**WHAT TO WORK ON:** Starting at the line that contains "Figure 1. The part of Ikonos satellite image", transcribe each line exactly through the last line of the data. Include nothing else.

**DATA EXTRACT:**
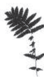
INTERRUPTED FERN ( Osmunda claytoniana )
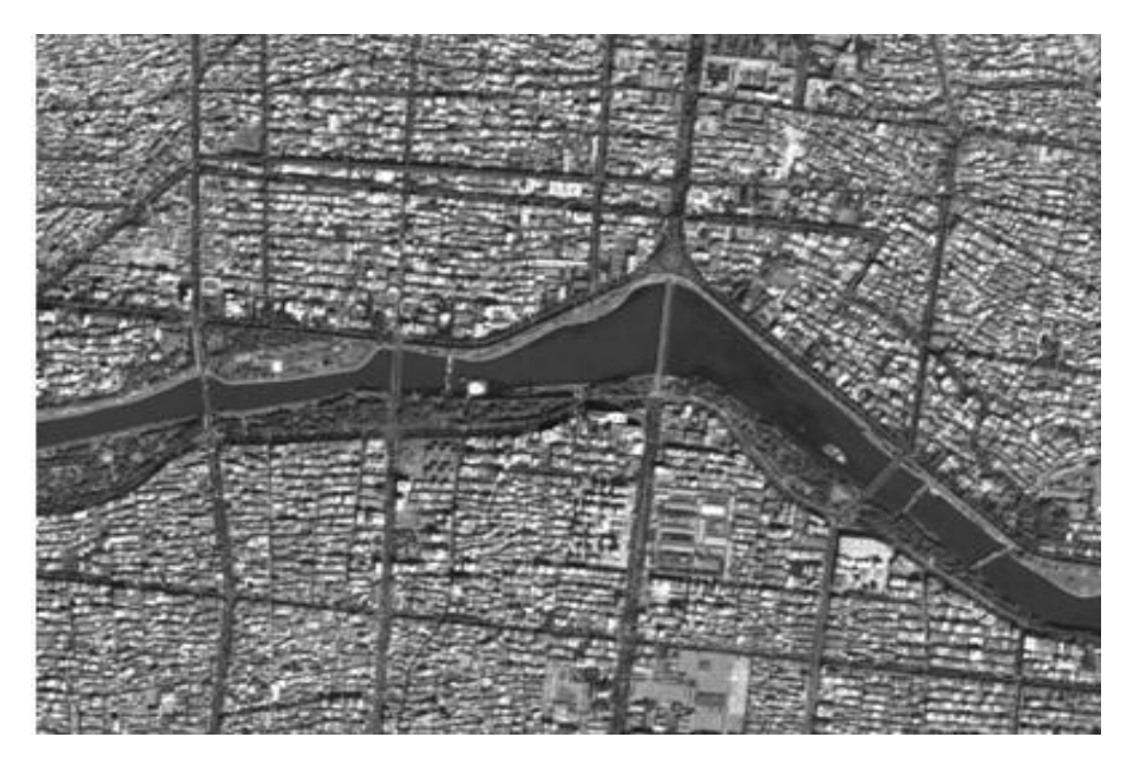
Figure 1. The part of Ikonos satellite image

The case study for performing the suggested method to produce the base maps is located in Isfehan city of IRAN. The geographic extents for this area is: Latitude from 32^{\circ} , 36' to 32^{\circ} , 40' and longitude is from 51^{\circ} 38' to 51^{\circ} 43'. The Ikonos satellite image of the case study is shown in figure 1.

**ANSWER SPACE:**
Figure 1. The part of Ikonos satellite image

The case study for performing the suggested method to produce the base maps is located in Isfehan city of IRAN. The geographic extents for this area is: Latitude from 32^{\circ} , 36' to 32^{\circ} , 40' and longitude is from 51^{\circ} 38' to 51^{\circ} 43'. The Ikonos satellite image of the case study is shown in figure 1.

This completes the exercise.